*** PROVIDED DATA Section Begins ***
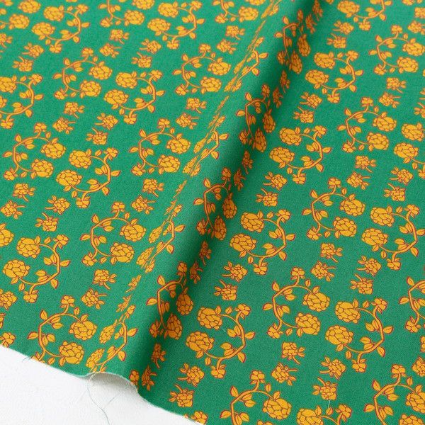 輸入生地 生地 グリーン地 イエロー花 FreeSpirit フリースピリット USAプリント (最低単位30cm~10cm単位の切売) | 手芸材料のネットショップ つくる楽しみ.com
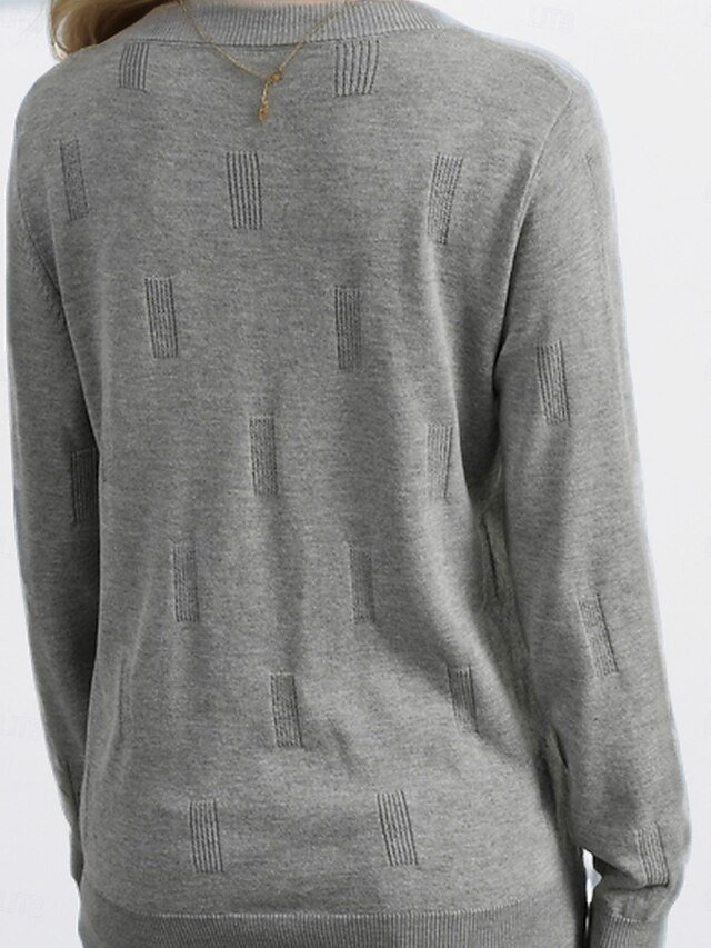 Step into the sophisticated charm of our exquisite knit top, crafted for the modern woman who appreciates both style and comfort. This solid grey piece effortlessly combines versatility with chic appeal, making it an essential addition to your spring and fall ensembles.
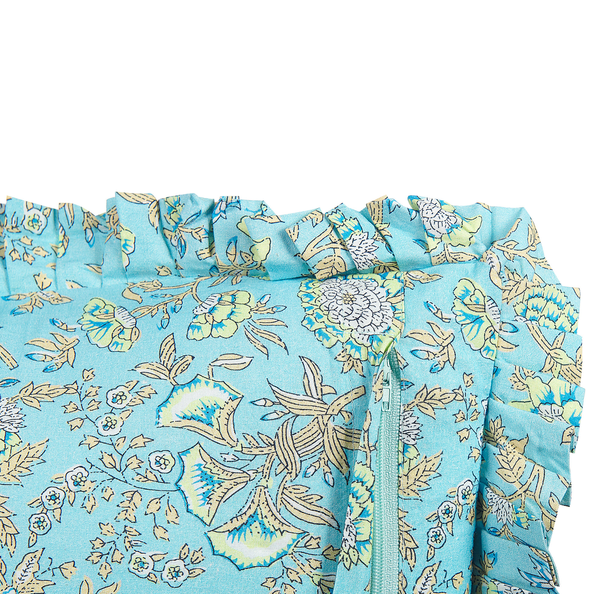 Dieses hochdekorative Sofakissen wird mit seinem Retro-Look in jedem Ihrer Wohnräume sofort ins Auge stechen. Das Modell zeichnet sich durch eine dekorative Umrandung sowie ein einzigartiges Blumenmuster aus, das von Hand per Blockdruck hergestellt wurde. Der weiche Kissenbezug besteht aus hochwertiger Baumwolle und ist mit einer dicken Füllung versehen, so dass Sie das Kissen nicht nur für dekorative Zwecke, sondern auch zum Entspannen perfekt nutzen können. Der versteckte Reissverschluss erlaubt es die Kissenhülle schnell abzunehmen, auszutauschen und zu waschen. Ausserdem ist der Baumwollbezug beidseitig und vollflächig bedruckt. Material: Baumwolle. Material Zusammensetzung: 100% Baumwolle Montage: Benötigt keine Montage Das Angebot beinhaltet: 1 x Zierkissen Höhe: 10 zusätzliche Information: Das Kissen ist vakuumverpackt. Nehmen Sie Ihr Kissen aus der Verpackung heraus und lassen Sie es 24 Stunden lang liegen, bis es seine volle Dichte erreicht., Da jedes Produkt handgefertigt wird, kann es zu kleineren Abweichungen in der Farbe und der äusseren Struktur kommen. Diese Abweichungen stellen keinen Qualitätsmangel dar, sondern sind eine warentypische Eigenschaft. Gestalten: Quadratisch Breite: 45 Tiefe: 45 Art: Dekokissen 2er Set Stil: Klassisch Allgemeine Farbe: Blau Schatten: Türkis Muster: Blumenmuster Hauptmaterial: Baumwolle Füllmaterial: Polyester
*** PROVIDED DATA Section Ends ***
#### EXERCISE DESCRIPTION
Any picture in the listing above gets left out; output the rest exactly.

#### WRITTEN SOLUTION
 輸入生地 生地 グリーン地 イエロー花 FreeSpirit フリースピリット USAプリント (最低単位30cm~10cm単位の切売) | 手芸材料のネットショップ つくる楽しみ.com
 Step into the sophisticated charm of our exquisite knit top, crafted for the modern woman who appreciates both style and comfort. This solid grey piece effortlessly combines versatility with chic appeal, making it an essential addition to your spring and fall ensembles.
 Dieses hochdekorative Sofakissen wird mit seinem Retro-Look in jedem Ihrer Wohnräume sofort ins Auge stechen. Das Modell zeichnet sich durch eine dekorative Umrandung sowie ein einzigartiges Blumenmuster aus, das von Hand per Blockdruck hergestellt wurde. Der weiche Kissenbezug besteht aus hochwertiger Baumwolle und ist mit einer dicken Füllung versehen, so dass Sie das Kissen nicht nur für dekorative Zwecke, sondern auch zum Entspannen perfekt nutzen können. Der versteckte Reissverschluss erlaubt es die Kissenhülle schnell abzunehmen, auszutauschen und zu waschen. Ausserdem ist der Baumwollbezug beidseitig und vollflächig bedruckt. Material: Baumwolle. Material Zusammensetzung: 100% Baumwolle Montage: Benötigt keine Montage Das Angebot beinhaltet: 1 x Zierkissen Höhe: 10 zusätzliche Information: Das Kissen ist vakuumverpackt. Nehmen Sie Ihr Kissen aus der Verpackung heraus und lassen Sie es 24 Stunden lang liegen, bis es seine volle Dichte erreicht., Da jedes Produkt handgefertigt wird, kann es zu kleineren Abweichungen in der Farbe und der äusseren Struktur kommen. Diese Abweichungen stellen keinen Qualitätsmangel dar, sondern sind eine warentypische Eigenschaft. Gestalten: Quadratisch Breite: 45 Tiefe: 45 Art: Dekokissen 2er Set Stil: Klassisch Allgemeine Farbe: Blau Schatten: Türkis Muster: Blumenmuster Hauptmaterial: Baumwolle Füllmaterial: Polyester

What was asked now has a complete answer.